Differential Centrifugation in bio separation

The force of gravity will cause sedimentation of particles from a heterogeneous mixture; larger and
denser particles sedimentfaster than the smaller and less dense particles. This phenomenon is useful for
separating heterogeneous solutions into independent components, and for the isolation and enrichment
of target molecules, cells, and cell organelles. Differential centrifugation accelerates the separation
process by introducing centripetal forces many times greater than gravity. The precipitated particles
form a pellet at the bottom of the tube during centrifugation. The rate of sedimentation is dependent on
the size and density of the particles, so centrifugation can be used to isolate target particles simply by
controlling centrifugal force or the rate of centrifugation.

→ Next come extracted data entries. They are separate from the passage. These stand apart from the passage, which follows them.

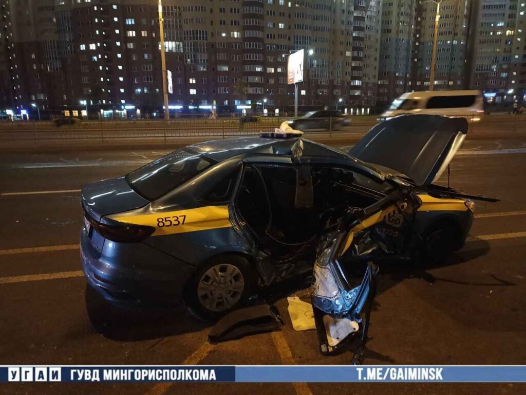 От удара автомобиль такси продолжил движение и совершил наезд на осветительную мачту, а затем на стоящий автомобиль «Renault».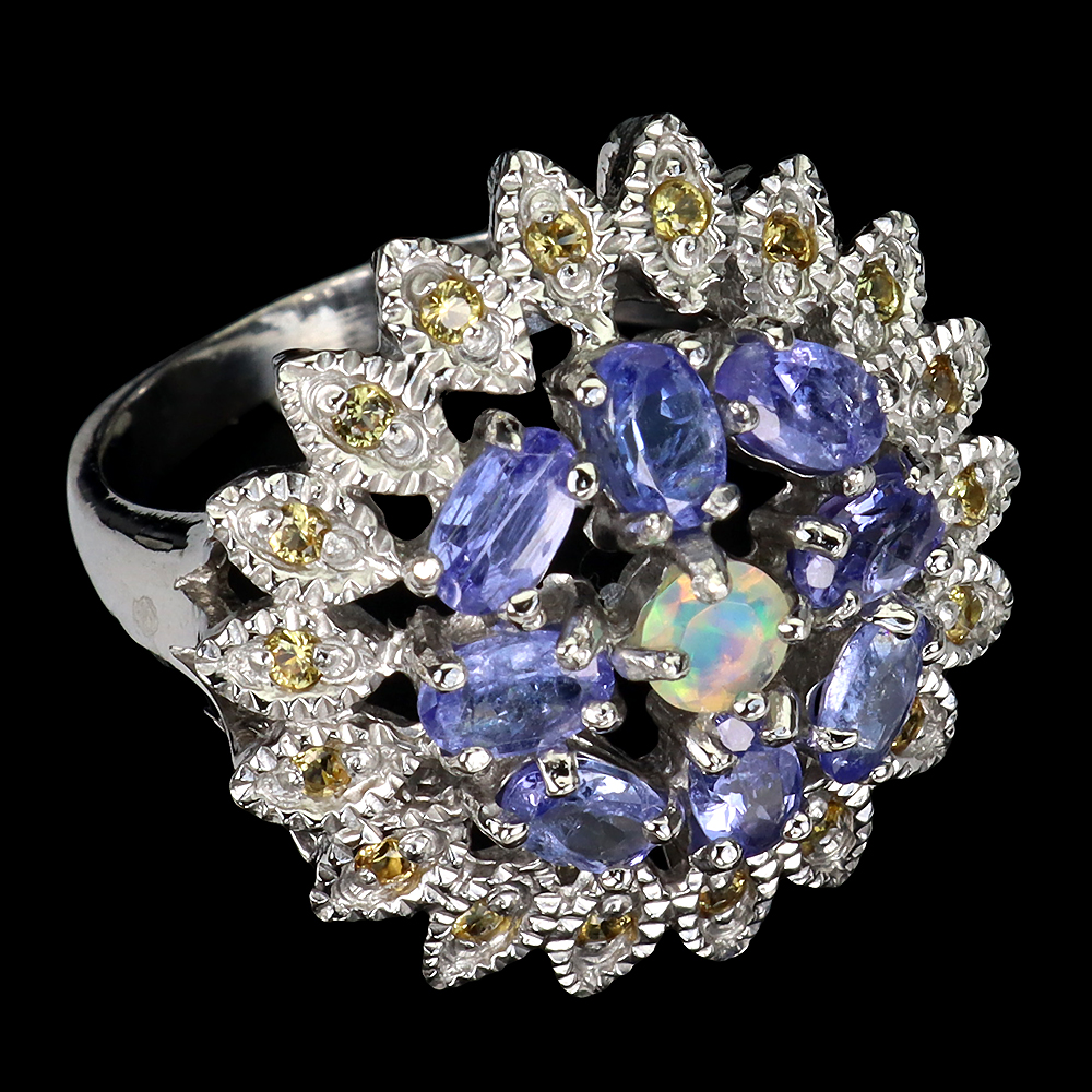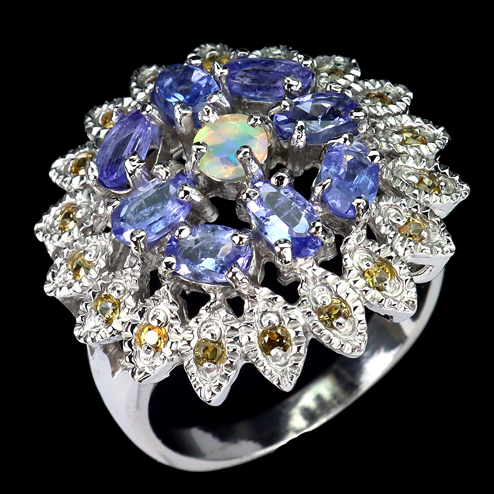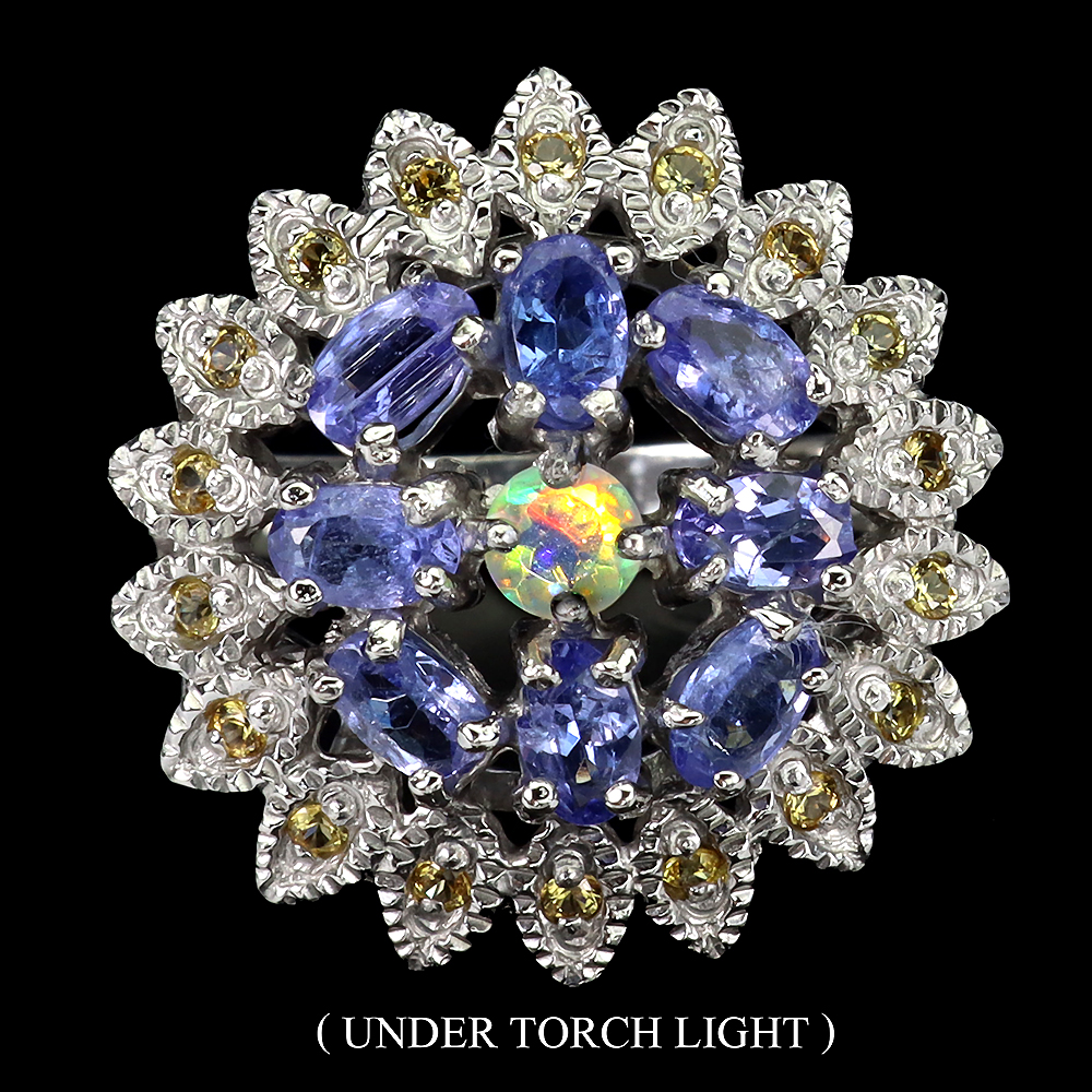 925 Sterling Silver Ring Oval Tanzanite Fire Opal Sapphire Gemstone jewelry Size 8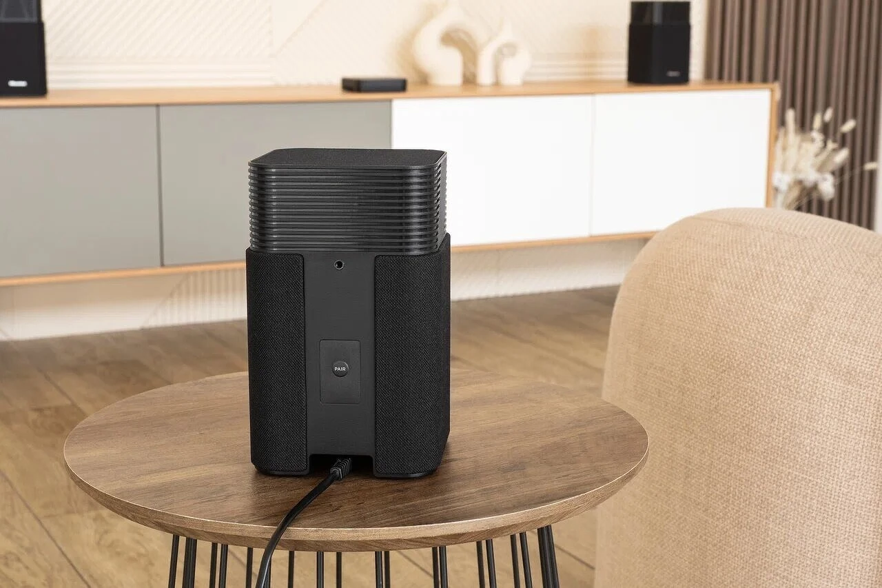 Сабвуфер выполнен в одном стиле с колонками, но уже без решеток. Снизу расположен излучатель, сзади — фазоинвертор, разъем для подключения питания и кнопка для сопряжения.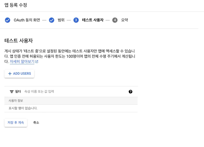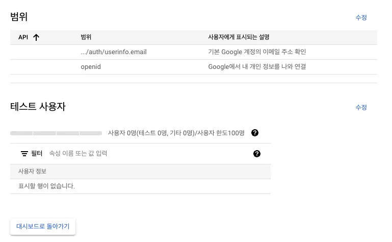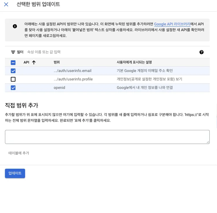 범위 설정 화면에서는 [범위 추가 또는 삭제] 버튼을 누르고 openid와 이메일 주소를 추가하고 [업데이트]를 눌러 마무리한다. 작업을 마치면 [저장 후 계속] 버튼을 누른다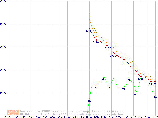 Deskstar 120GXP (7200rpm,UltraATA/100 2MB)の最安値推移

The rate of centrifugation is reported as
angular velocity by revolutions per minute (rpm) or as acceleration(g). RPM is dependent on the radius
of the rotor in the centrifuge.

Differential centrifugation (also differential velocity centrifugation) is a common procedure in

biochemistry and cell biology used to separate organelles and other sub-cellular particles on the basis of
sedimentation rate. Although often applied in biological analysis, differential centrifugation is a general
technique also suitable for crude purification of non-living suspended particles (e.g. nanoparticles,
colloidal particles, viruses). In a typical case where differential centrifugation is used to analyze cell-
biological phenomena (e.g. organelle distribution), a tissue sample is first lysed to break the cell
membranes and release the organelles and cytosol. The lysate is then subjected to repeated
centrifugations, where particles that sediment sufficiently quickly at a given centrifugation force for a
given time form a compact "pellet" at the bottom of the centrifugation tube. After each centrifugation,
the supernatant (non-pelleted solution) is removed from the tube and re-centrifuged at an increased
centrifugal force and/or time. Differential centrifugation is suitable for crude separations on the basis of
sedimintation rate, but more fine grained purifications may be done on the basis of density through
equilibrium density-gradient centrifugation.

Procedure Edit

Differential centrifugation can be used with intact particles (e.g. biological cells, microparticles,
nanoparticles), or used to separate the component parts of a given particle. Using the example of a
separation of eukaryotic organelles from intact cells, the cell must first be lysed and homogenized
(ideally by a gentle technique, such as dounce homogenization; harsher techniques or over
homogenization will lead to a lower proportion of intact organelles). Once the crude organelle extract is
obtained, it may be subjected to a varying centrifugation speeds to separate the organelles:

Centrifugation is a technique of separating substances which involves the application of centrifugal

force.

The particles are separated from a solution according to their size, shape, density, the viscosity of the
medium and rotor speed.

In a solution, particles whose density is higher than that of the solvent sink (sediment), and particles that
are lighter than it floats to the top.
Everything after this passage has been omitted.